Would you copy the records below, exactly and only from their first line through the line containing "Theo dõi kết", without any pictures?

═════ Material provided

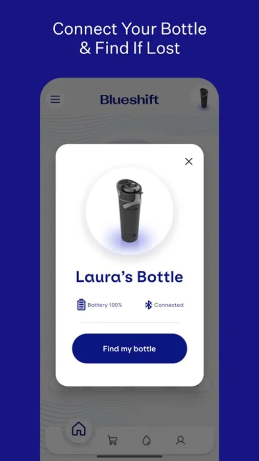 Shift water into wellness with the Blueshift Wellness Bottle app. The app connects to your Wellness Bottle as part of your personalized wellness experience. Not only can you track progress toward a personalized hydration goal, but you can customize your drink reminder, auto-blend, and light ring settings. It can even help you find your bottle if it's gone missing. Just download the app, create your profile, connect your Blueshift Wellness Bottle, and start sipping.
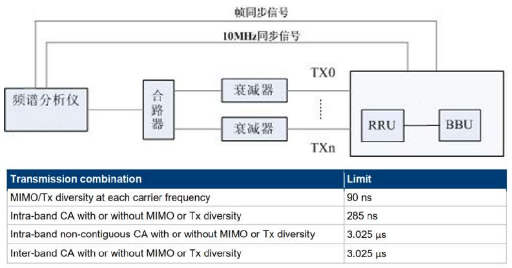 测试平台搭建如下图所示,仅需一台频谱仪接收两路合路的天线发射信号即可,频谱仪上的5G解调软件会测量两个天线上的TM1.1参考信号DM-RS符号的时间差来计算发射通道时间一致性误差。测试规范TS38.141规定时间一致性误差应小于90ns。
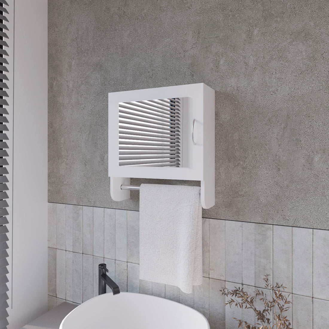 Optim Medicine Cabinet With Towel Holder 17.4" Wide Medice Cabinet Organizer With Two Interior Shelves And Tower Holder For Bathroom, Kitchen, Mudroom White Modern Particle Board
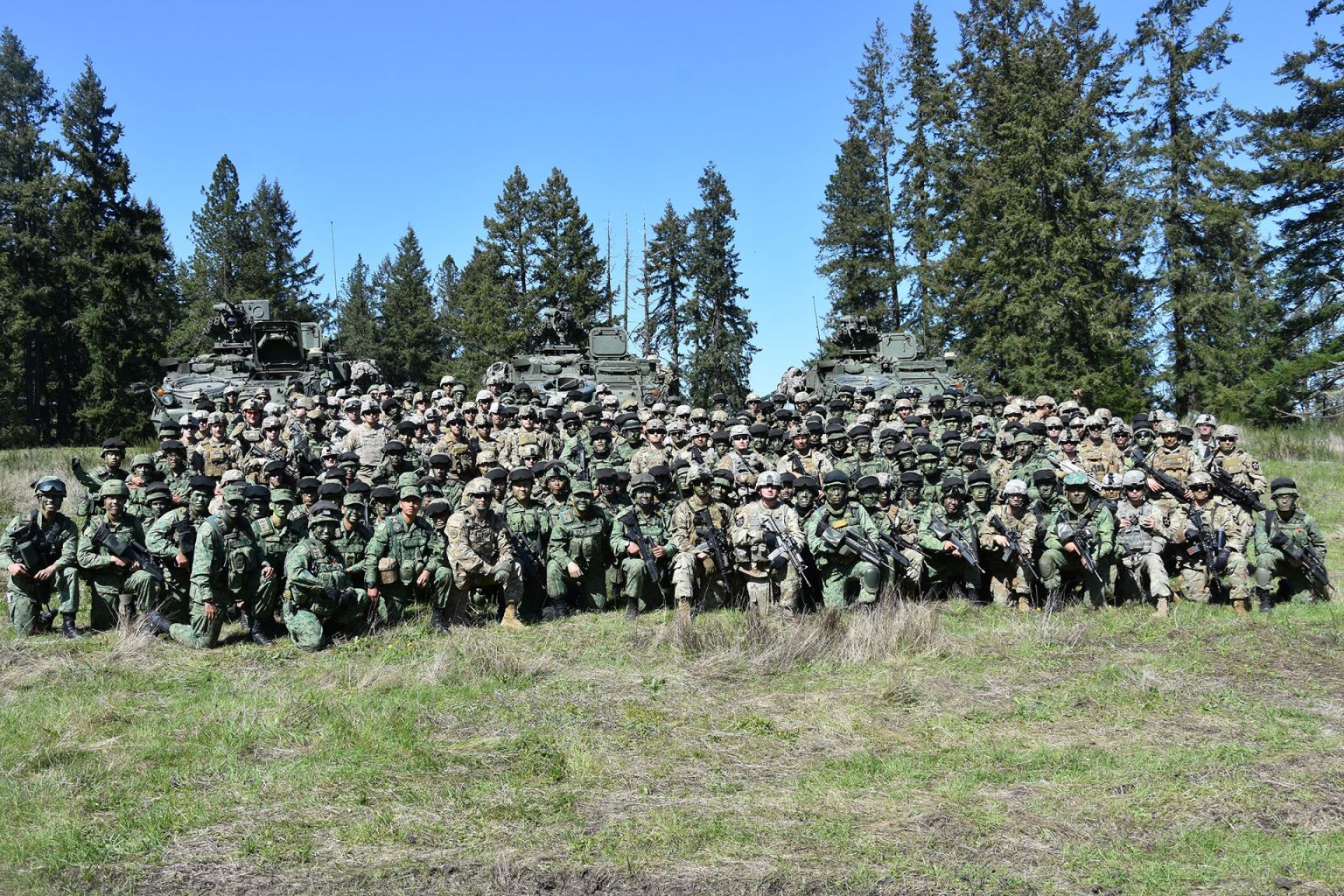 Singapore and the United States Army troops at the closing ceremony of Exercise Lightning Strike at the Joint Base Lewis-McChord in Washington.
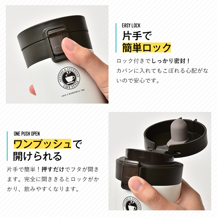 - 本体=ステンレス鋼(アクリル樹脂塗装)、飲み口・フタ・フタ本体=PP、ロックレバー=ABS樹脂、ストッパー=ポリアセタール、バネ・軸=ステンレス鋼、フタパッキン・飲み口パッキン=シリコーンゴム
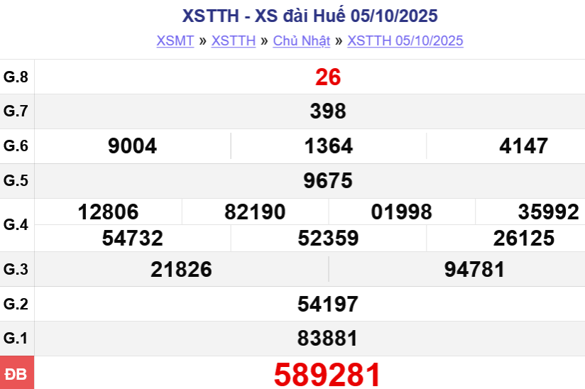 Theo dõi kết quả xổ số Huế hôm nay 19/10/2025 để cập nhật kết quả sớm nhất.
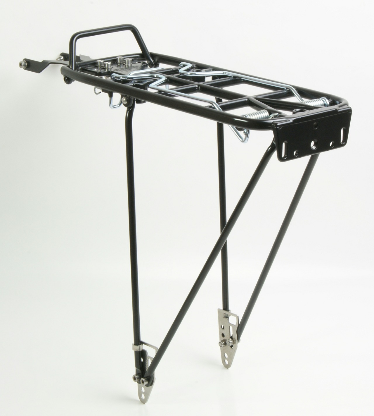 小物を簡単に固定できるスプリングクリップや、自転車を押す時や持ちあげる時に便利な手持ちハンドル、リフレクター等を装着できるバックプレートも付属しています。
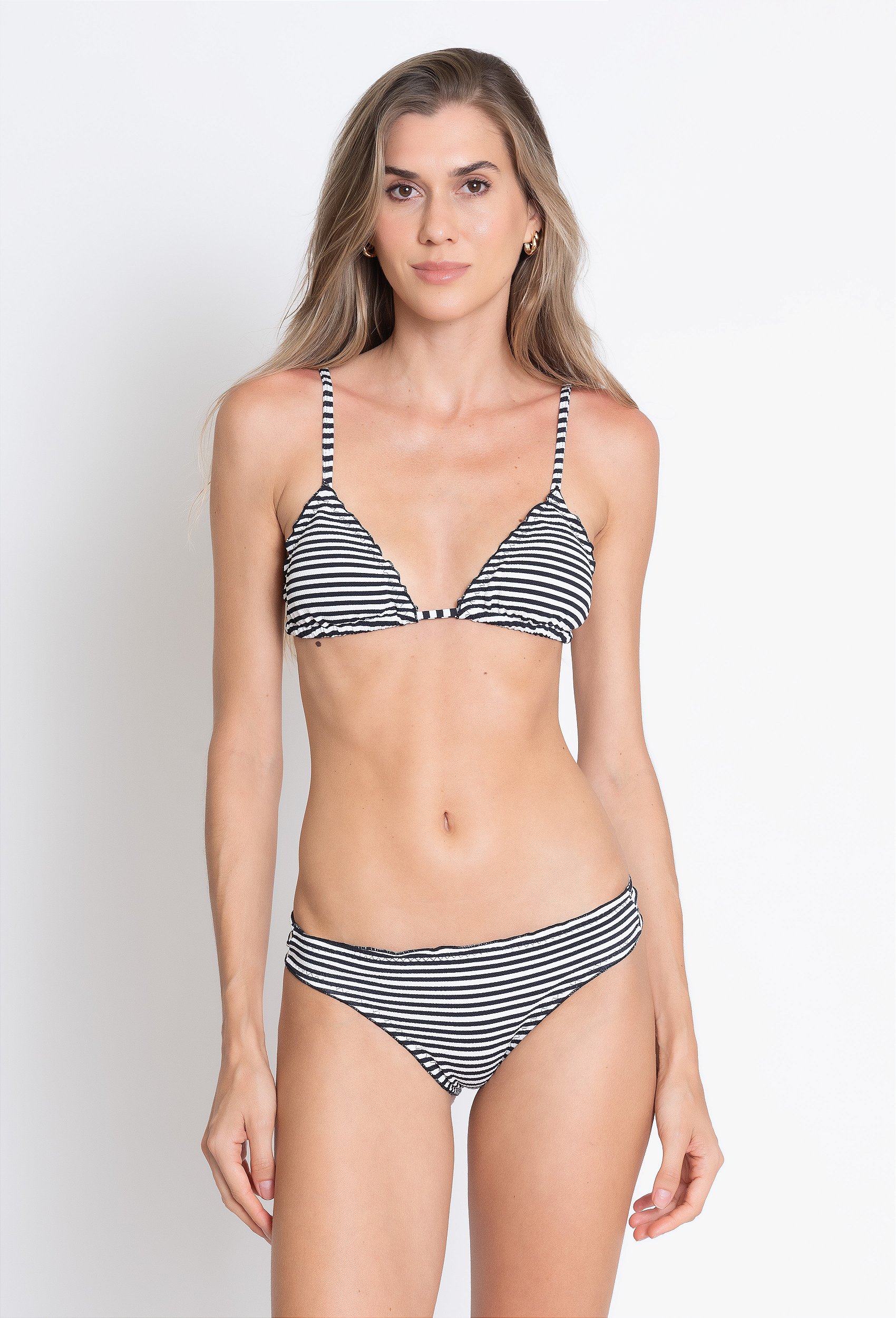 Biquíni Cave Lurex. Composto por duas peças confeccionadas em tecido com lurex. Top cortininha com modelagem triângulo, bojo removível e fechamento por amarração. Bottom com recorte posterior amplo, cintura média com elástico no cós e acabamento com babados sutis.
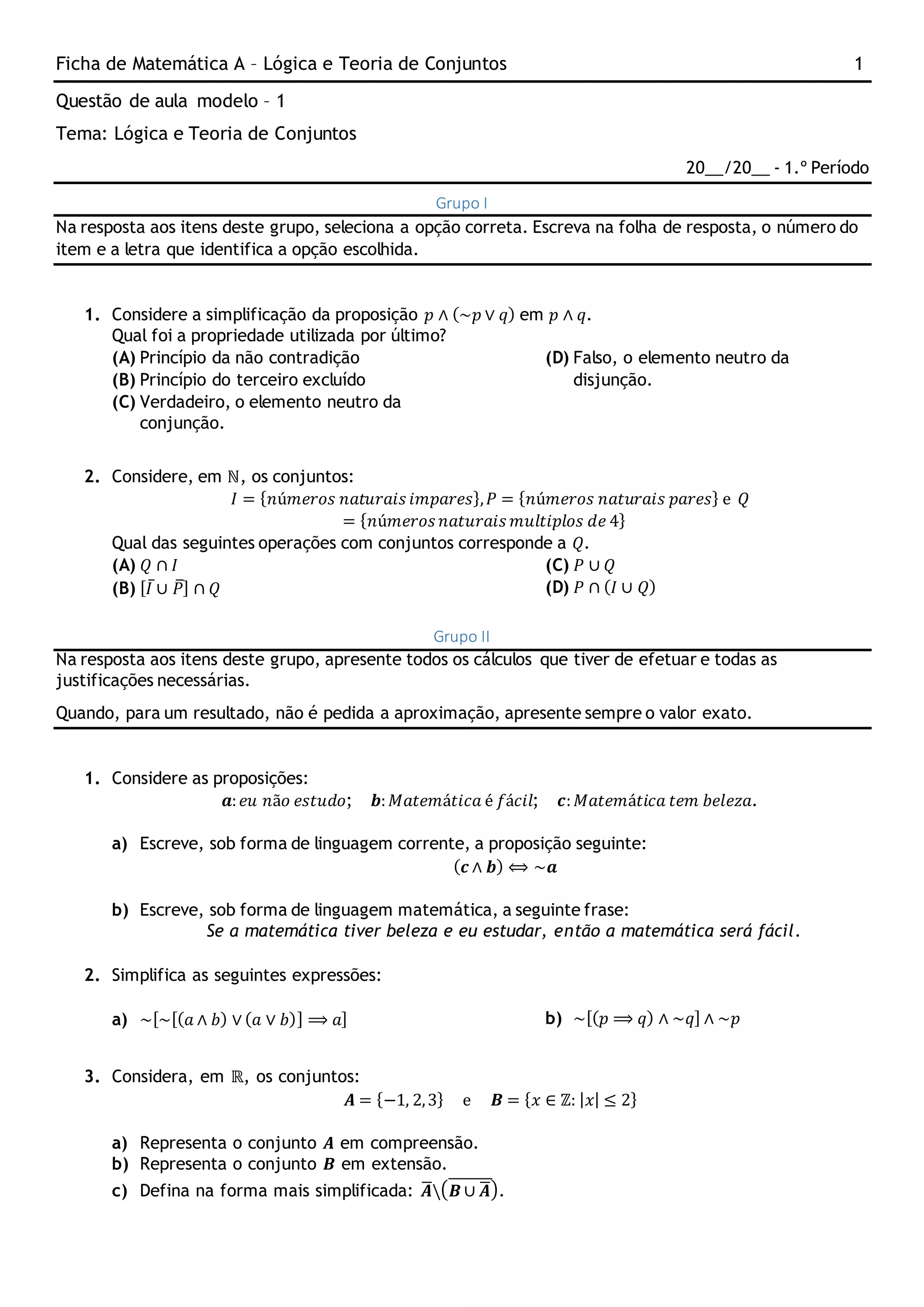 ![Ficha de Matemática A – Lógica e Teoria de Conjuntos 1
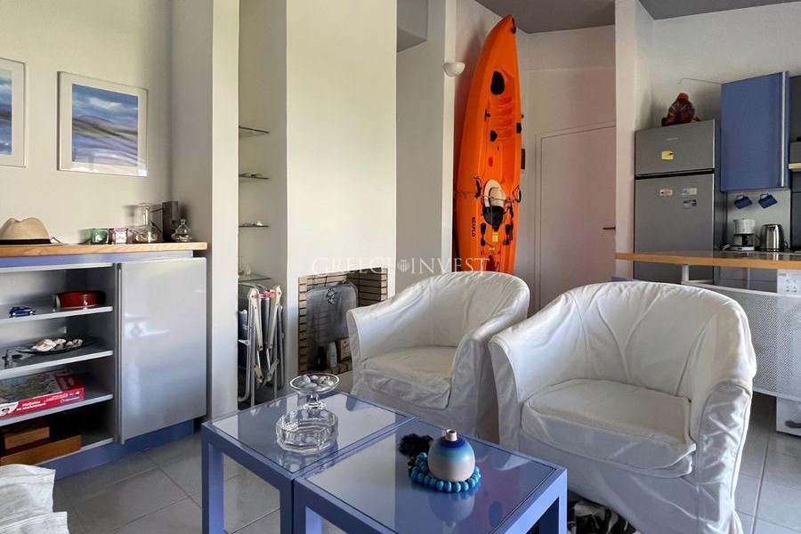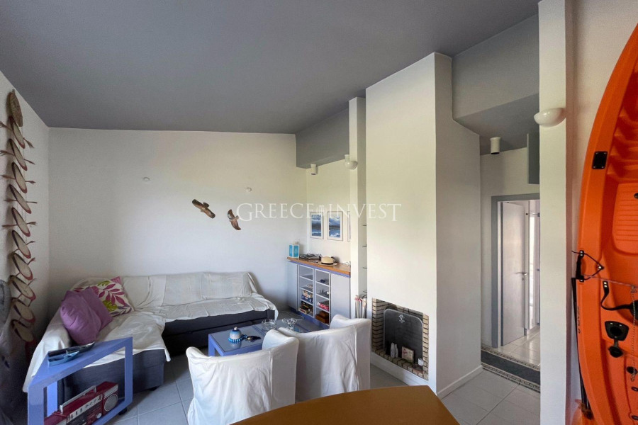 Zum Verkauf steht eine Wohnung in Pefkochori, Chalkidiki. Die Wohnung verfügt über ein Wohnzimmer mit Küche, 2 Schlafzimmer, ein Badezimmer und eine Gesamtfläche von 55 m2. Sie ist voll möbliert und verfügt über einen Parkplatz. Die Wohnung befindet sich in einer gepflegten grünen Anlage direkt am Strand. Sie verfügt über einen Balkon, eine Klimaanlage und einen Kamin.
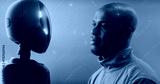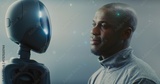 Man and Robot Companion in Near Future Tech Environment. Adult man AI robot looking each other, suggesting moment of collaborative check in. Concept future proof technology and advanced assistance.
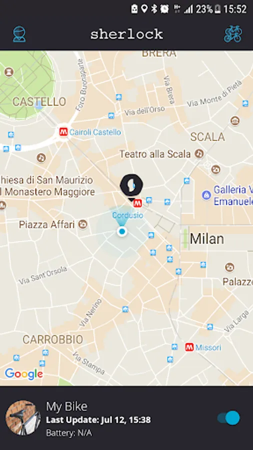 With Sherlock Bike you can create a profile for your bicycle with photos, model and details and pin the parking position on the map so that you can find it later.
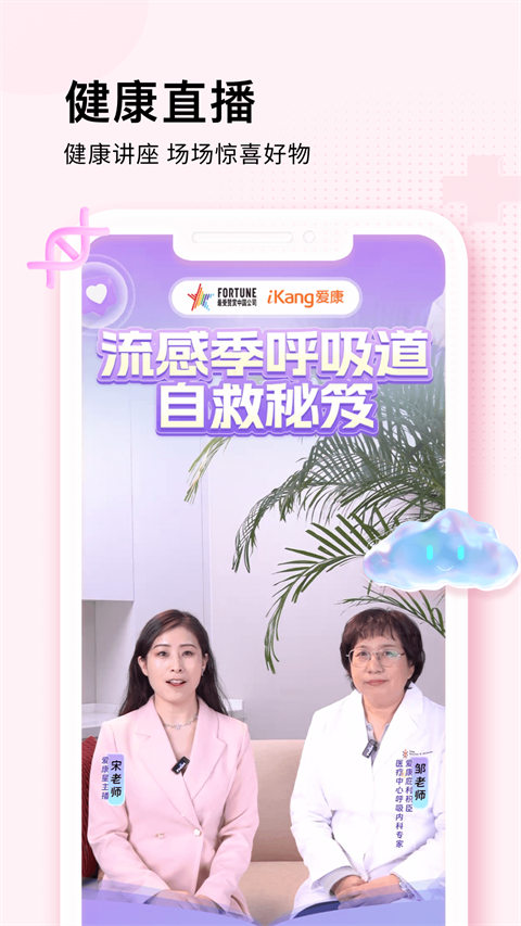 1、内包含大咖讲堂、直播、图文资讯等内容,帮助用户了解更多健康知识。2、支持管理本人及家人的健康内容,营造家庭健康管理氛围。
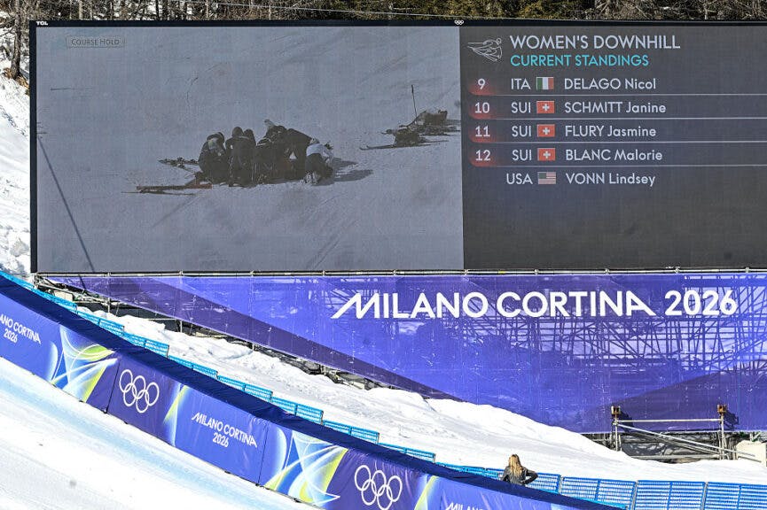A giant screen shows US’ Lindsey Vonn receiving assistance after a crash in the women’s downhill event during the Milano Cortina 2026 Winter Olympic Games at the Tofane Alpine Skiing Centre in Cortina d’Ampezzo on February 8, 2026. (Photo by Tiziana FABI / AFP via Getty Images)
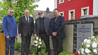 Bürgermeister Michael Pöhnlein (rechts) und Initiator Horst Mohr (2. von rechts), sowie die Vertreter des DGB, Wolfgang Schmitt (links) und des Volksbundes Deutsche Kriegsgräberfürsorge, Robert Fischer (2. von links). (Foto: Norbert Neugebauer)

══════════

▸ **Completed exercise**
 Shift water into wellness with the Blueshift Wellness Bottle app. The app connects to your Wellness Bottle as part of your personalized wellness experience. Not only can you track progress toward a personalized hydration goal, but you can customize your drink reminder, auto-blend, and light ring settings. It can even help you find your bottle if it's gone missing. Just download the app, create your profile, connect your Blueshift Wellness Bottle, and start sipping.
 测试平台搭建如下图所示,仅需一台频谱仪接收两路合路的天线发射信号即可,频谱仪上的5G解调软件会测量两个天线上的TM1.1参考信号DM-RS符号的时间差来计算发射通道时间一致性误差。测试规范TS38.141规定时间一致性误差应小于90ns。
 Optim Medicine Cabinet With Towel Holder 17.4" Wide Medice Cabinet Organizer With Two Interior Shelves And Tower Holder For Bathroom, Kitchen, Mudroom White Modern Particle Board
 Singapore and the United States Army troops at the closing ceremony of Exercise Lightning Strike at the Joint Base Lewis-McChord in Washington.
 - 本体=ステンレス鋼(アクリル樹脂塗装)、飲み口・フタ・フタ本体=PP、ロックレバー=ABS樹脂、ストッパー=ポリアセタール、バネ・軸=ステンレス鋼、フタパッキン・飲み口パッキン=シリコーンゴム
 Theo dõi kết quả xổ số Huế hôm nay 19/10/2025 để cập nhật kết quả sớm nhất.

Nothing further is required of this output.